The sukuk market illiquidity is now having an impact on the issuance of new sukuk as issuers are afraid that it will distort the pricing of new sukuk. Back at the beginning of February, I wrote a post on my blog over at Zawya that the lack of liquidity in sukuk markets was distorting the pricing of outstanding sukuk using the Jebel Ali Free Zone sukuk which had traded at 66, but for which there was little trading. This translates into a yield to maturity of 18%. Since then this sukuk has traded as low as 53, which means it would yield 29% if held to maturity (using the EIBOR+1.31% as of April 10 which is 4.31%).

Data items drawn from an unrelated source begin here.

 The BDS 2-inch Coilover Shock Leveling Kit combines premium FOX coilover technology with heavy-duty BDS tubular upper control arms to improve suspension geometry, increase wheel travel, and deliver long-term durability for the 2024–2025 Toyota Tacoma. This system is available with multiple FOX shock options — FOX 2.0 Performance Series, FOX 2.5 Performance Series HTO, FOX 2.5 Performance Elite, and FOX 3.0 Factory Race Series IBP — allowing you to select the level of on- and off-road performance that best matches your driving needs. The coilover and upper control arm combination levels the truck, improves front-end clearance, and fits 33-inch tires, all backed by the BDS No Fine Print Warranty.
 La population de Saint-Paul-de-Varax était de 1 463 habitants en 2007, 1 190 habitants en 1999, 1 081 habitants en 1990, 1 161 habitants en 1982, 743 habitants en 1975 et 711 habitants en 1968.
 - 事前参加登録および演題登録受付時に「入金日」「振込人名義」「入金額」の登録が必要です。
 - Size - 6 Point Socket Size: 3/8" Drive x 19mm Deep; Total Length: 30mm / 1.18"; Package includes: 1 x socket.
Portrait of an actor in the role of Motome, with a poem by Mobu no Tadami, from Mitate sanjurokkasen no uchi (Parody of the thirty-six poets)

An article in Arabian Business describes the additional impact this lack of liquidity is having for new issues and cites an estimate from Standard & Poor's that there are $45 billion in new issuance in the pipeline. Badlisyah Abdul Ghani, the CEO of CIMB Islamic, describes "the problem of reluctance on the part of the issuer to issue in the sukuk market. If it's illiquid, then price distortion may occur, and it might reflect badly on them. It creates a benchmark for themselves". The illiquidity of outstanding sukuk--only 25% are publicly listed according to a report by McKinsey--means that when new issues are being priced, they will be based on the prices of sukuk trading in the sukuk market, and a distorted price will increase the cost to issuers. In comparison with conventional bonds, even the most liquid secondary market for sukuk in Malaysia is illiquid. The total trading volume of sukuk in Malaysia is 88% of the total outstanding value compared with 209% for conventional bonds. One of the impediments to secondary market trading is that, besides the good yields offered by sukuk, there are few sukuk traded that one could buy to replace a sukuk sold. It's a vicious circle for creating a secondary market: in order for a secondary market to develop, there need to be sukuk available to buy for holders of sukuk to be willing to part with the ones they have.

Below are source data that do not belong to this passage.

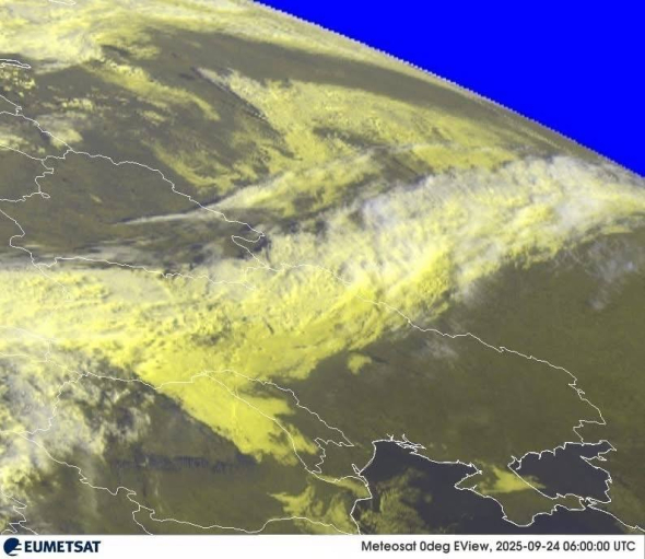 25 вересня атмосферний фронт зсунеться до південної околиці України, протягне з собою невеликі дощі та рвучкий вітер через центр та схід. Уже 26 вересня вся територія країни належатиме сухій сонячній, проте холодній погоді.
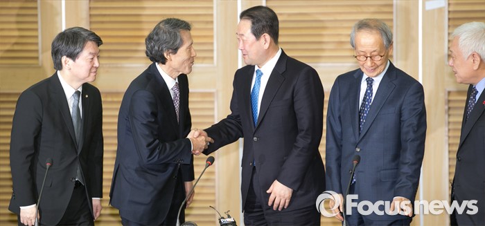 (서울=포커스뉴스) 27일 오전 서울 여의도 국회 의원회관에서 국민의당-통합신당 통합발표 기자회견을 마친 뒤 한상진 국민의당 공동창당준비위원장과 박주선 통합신당 창당준비위원장이 악수하고 있다. 왼쪽부터 안철수 국민의당 인재영입위원장, 한 공동위원장, 박 위원장, 윤여준 국민의당 창당준비위원장, 김한길 상임부위원장.
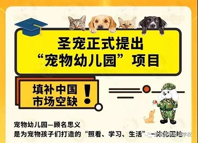 现如今,不少人都将宠物当自己的孩子来养,对于狗狗的疼爱自然少不了,但由于工作原因却没有时间陪狗狗,只能让狗狗孤零零在家,针对这种情况,圣宠正式提出“宠物幼儿园”项目,填补中国市场空缺。
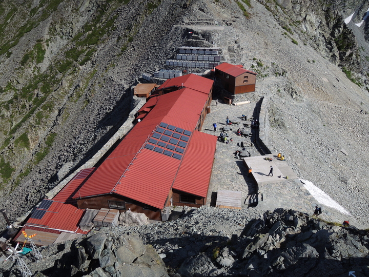 上から見た穂高岳山荘。
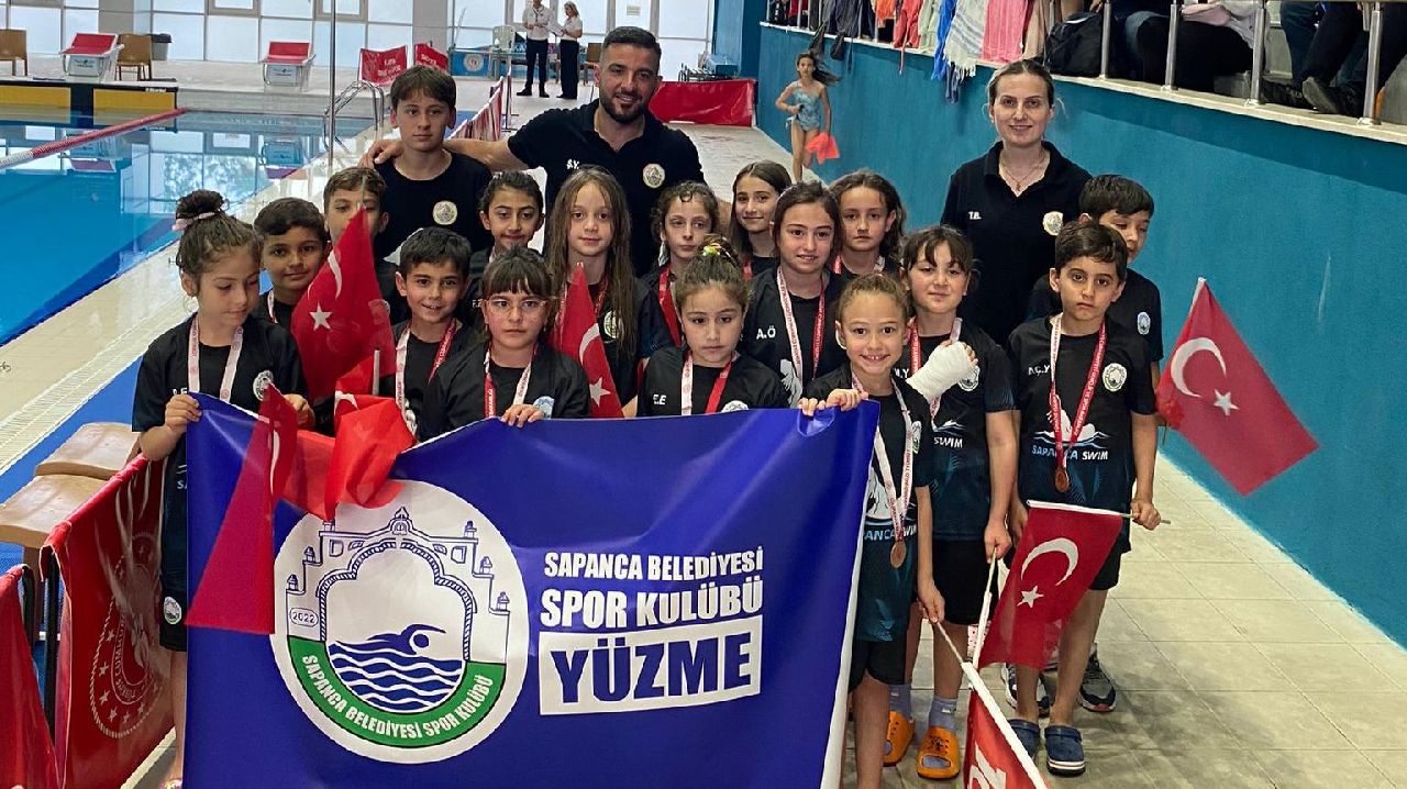 Sapanca Belediye Spor Kulübü bünyesindeki yüzme branşı sporcuları, 19 Mayıs Gençlik ve Spor Bayramı kutlama programları çerçevesinde Sakarya'da düzenlenen müsabakadan madalyaları toplayarak döndü.

PBS, the U.S. public television channel, has a segment on the availability of Islamic home finance in the U.S. and focuses the segment on the Islamic finance company Guidance Residential. Guidance is one of the largest Islamic finance companies in the U.S. and has financed over 5,000 home purchases and during the middle of 2007, the company passed the $1 billion mark for total value of financing closed. Although there is some criticism of Islamic finance companies receiving financing for the Islamic mortgages from government-sponsored enterprises like Fannie Mae and Freddie Mac, an alternative is currently lacking.
Reuters has an article on the growth in Islamic finance that is fairly broad in its scope but includes some focus on the growth of the industry in non-Muslim majority countries.